Personally found the less I work them more they grow/harder they feel, due to other workouts working them quite a bit.

I'd say work them once a week, with 2-3 exercises and 3 sets of each, enough IMO. I'm no expert though.


----------



## scottish676 (Jun 30, 2009)

I wouldn't waste your time doing twice a week mate. Its a small muscle group so doesn't need that much to stimulate growth.

2 of the best exercises for biceps are heavy dead lift and close grip underhand pull ups.

You really dont even have to hit it directly but if you insist on doing so the ez bar or straight bar heavy curls are the best for mass

Good luck


----------



## chelios (Jun 26, 2010)

Agreed, I get a great pump on my Bi's using the EZ bar, especialy close grip.


----------



## 4NT5 (Jun 1, 2007)

scottish676 said:


> I wouldn't waste your time doing twice a week mate. Its a small muscle group so doesn't need that much to stimulate growth.
> 
> 2 of the best exercises for biceps are heavy dead lift and close grip underhand pull ups.
> 
> ...


can you explain how deadlifts help in the development of your bi's, your arms should be straight when doing deads?

bent rows are a good exercise for helping your bi's grow


----------



## chelios (Jun 26, 2010)

The power used through your whole body, arms being a big part, will need to repair and get stronger. Core exercises help you grow no doubt.


----------



## B-GJOE (May 7, 2009)

Good advice so far, it bugs the hell out of me, watching morons in the gym, doing set after set after set on their 12" biceps, to do the same 48 hours later. It's a relatively tiny muscle (especially at 12" LOL), so doesn't need much stimulus. Just concentrate on hitting them on big compounds, especially back, utilise the reverse grip. Then maybe do 3 sets of isolation with nothing fancy, just a straight bar curl.


----------



## Themanabolic (Jun 25, 2009)

B|GJOE said:


> Good advice so far, it bugs the hell out of me, watching morons in the gym, doing set after set after set on their 12" biceps, to do the same 48 hours later. It's a relatively tiny muscle (especially at 12" LOL), so doesn't need much stimulus. Just concentrate on hitting them on big compounds, especially back, utilise the reverse grip. Then maybe do 3 sets of isolation with nothing fancy, just a straight bar curl.


Got to agree

as far as mass building, straight bar curls have given me the most mass tbh

I use the barbell instead of the thinner straight bars, as It gives me sore tendons for some reason, which I don't get on the wider bar!


----------



## scottish676 (Jun 30, 2009)

amurphy said:


> can you explain how deadlifts help in the development of your bi's, your arms should be straight when doing deads?
> 
> bent rows are a good exercise for helping your bi's grow





chelios said:


> *The power used through your whole body, arms being a big part, will need to repair and get stronger.

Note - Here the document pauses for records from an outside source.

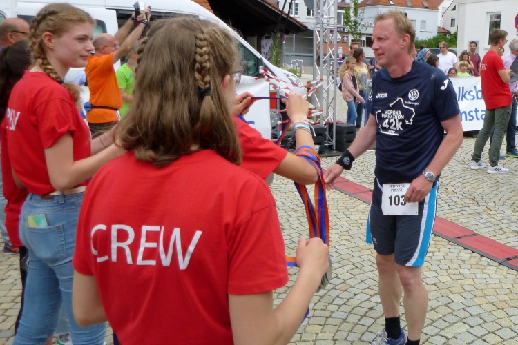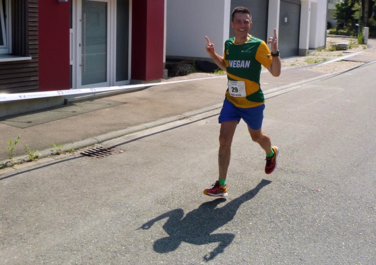 Ein Läuferpaar kommt mir entgegen. Auf den Hemden entziffere ich „Islas Canarias“. Wie sich in der kurzen Begegnungszeit herausstellt, gehören die beiden zu einer Gruppe aus Spanien, die heute am Start ist.
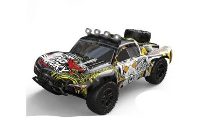 komplett montiert und sofort einsatzbereit geeignet ab 14 Jahren 9G Servo für proportionale Lenkung Karosserie aus crashsicherem Lexan 4×4 Allradantrieb luftgefüllte Gummireifen Geschwindigkeit: bis 35-40 km/h Stoßdämpfer Profi-Pistolenfernbedienung 2,4 GHz vollproportional Bewegungsrichtungen: vorwärts, rückwärts, rechts, links Lenkung und Gas an der Fernbedienung einstellbar
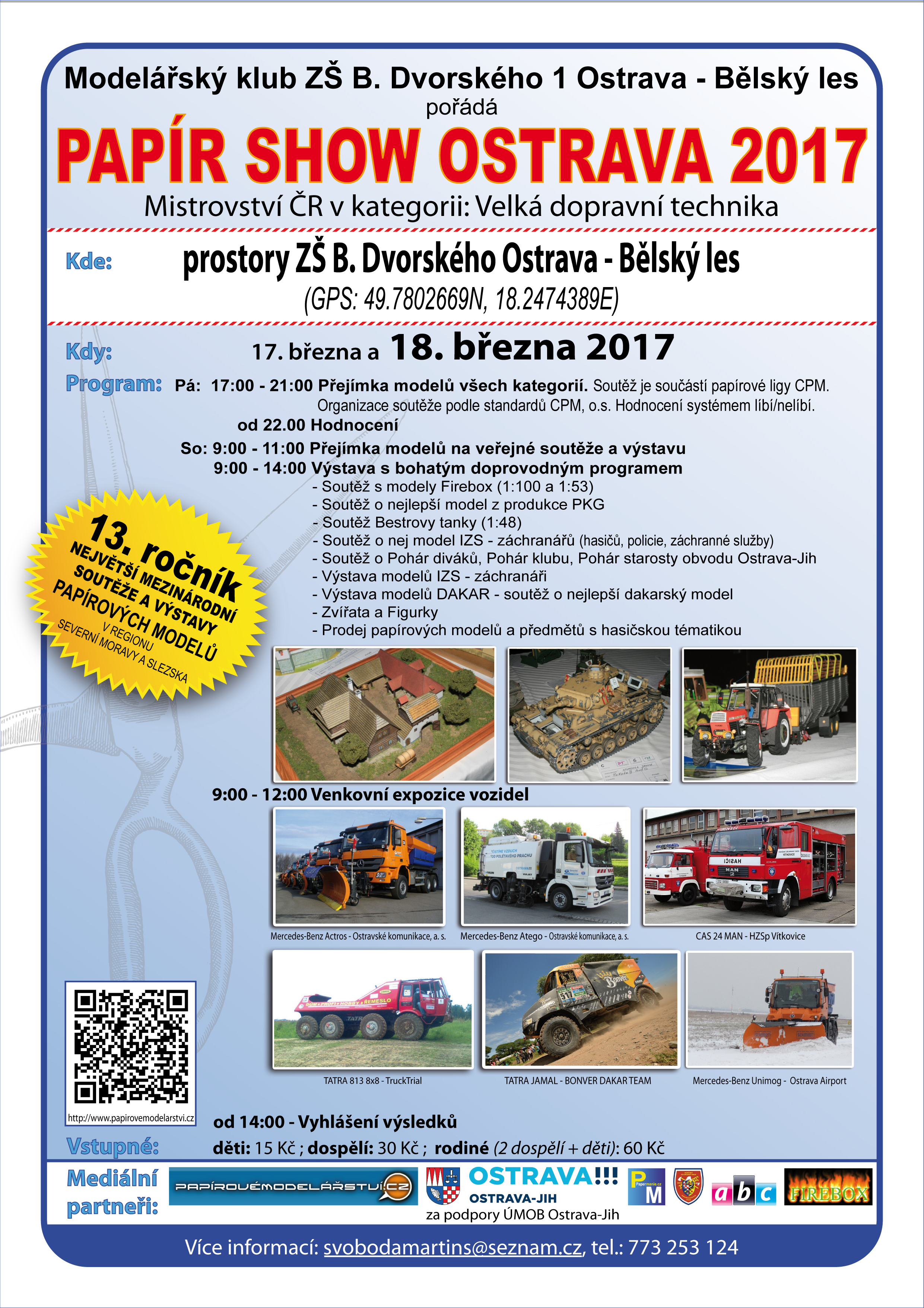 Stovky modelářů a autorů papírových „vystřihovánek“ z České republiky, ale také ze Slovenska, Polska a dalších evropských zemí očekávají v sobotu 18.3.2017 organizátoři 13. ročníku mezinárodní soutěže a výstavy papírových modelů „Papír Show 2017“ v Ostravě. Koná se potřetí na stejném místě - v prostorách Základní školy Bohumíra Dvorského v Ostravě-Bělském lese.

Core exercises help you grow no doubt*.


Couldn't have put it better myself :beer:


----------



## Simon m (Apr 3, 2008)

I training biceps twice per week:

On wednesday 3 sets of very heavy Hammer Curls after my back workout and on Sunday 7 sets of 10 reps for db curls.

Works for me.


----------



## chelios (Jun 26, 2010)

scottish676 said:


> Couldn't have put it better myself :beer:


I'm learning  haha :beer:


----------



## ParaManiac (Mar 20, 2007)

Hardly train mine direct,however,i like the chinning bar


----------



## 4NT5 (Jun 1, 2007)

scottish676 said:


> Couldn't have put it better myself :beer:


I disagree with your original comment saying two of the best exercises for your bI's are heavy deads and pull ups.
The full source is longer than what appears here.